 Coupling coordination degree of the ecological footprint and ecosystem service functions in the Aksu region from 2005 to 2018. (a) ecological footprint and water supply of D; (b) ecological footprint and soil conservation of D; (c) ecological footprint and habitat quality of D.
---
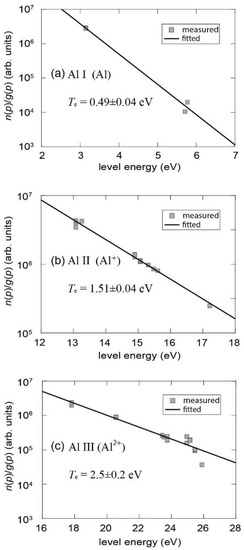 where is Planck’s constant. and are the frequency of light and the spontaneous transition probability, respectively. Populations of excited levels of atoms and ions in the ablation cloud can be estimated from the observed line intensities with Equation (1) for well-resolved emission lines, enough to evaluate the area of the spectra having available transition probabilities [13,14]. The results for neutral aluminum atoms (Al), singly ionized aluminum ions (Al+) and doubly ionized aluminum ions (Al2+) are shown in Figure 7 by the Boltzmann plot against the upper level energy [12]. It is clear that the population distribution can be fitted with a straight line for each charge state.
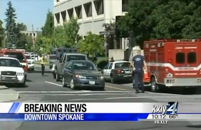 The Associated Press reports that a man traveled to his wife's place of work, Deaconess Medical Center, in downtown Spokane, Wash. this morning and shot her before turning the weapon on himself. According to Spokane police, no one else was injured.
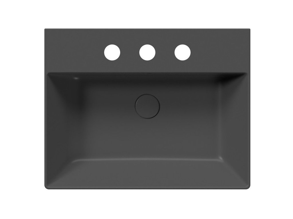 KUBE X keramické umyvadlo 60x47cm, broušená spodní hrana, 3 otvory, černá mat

## TRY IT:
Above, find the line with "The Associated Press"; copy it and every line down to the line with "KUBE X keramické", exactly and both included, but no pictures.

## WORKED SOLUTION:
 The Associated Press reports that a man traveled to his wife's place of work, Deaconess Medical Center, in downtown Spokane, Wash. this morning and shot her before turning the weapon on himself. According to Spokane police, no one else was injured.
 KUBE X keramické umyvadlo 60x47cm, broušená spodní hrana, 3 otvory, černá mat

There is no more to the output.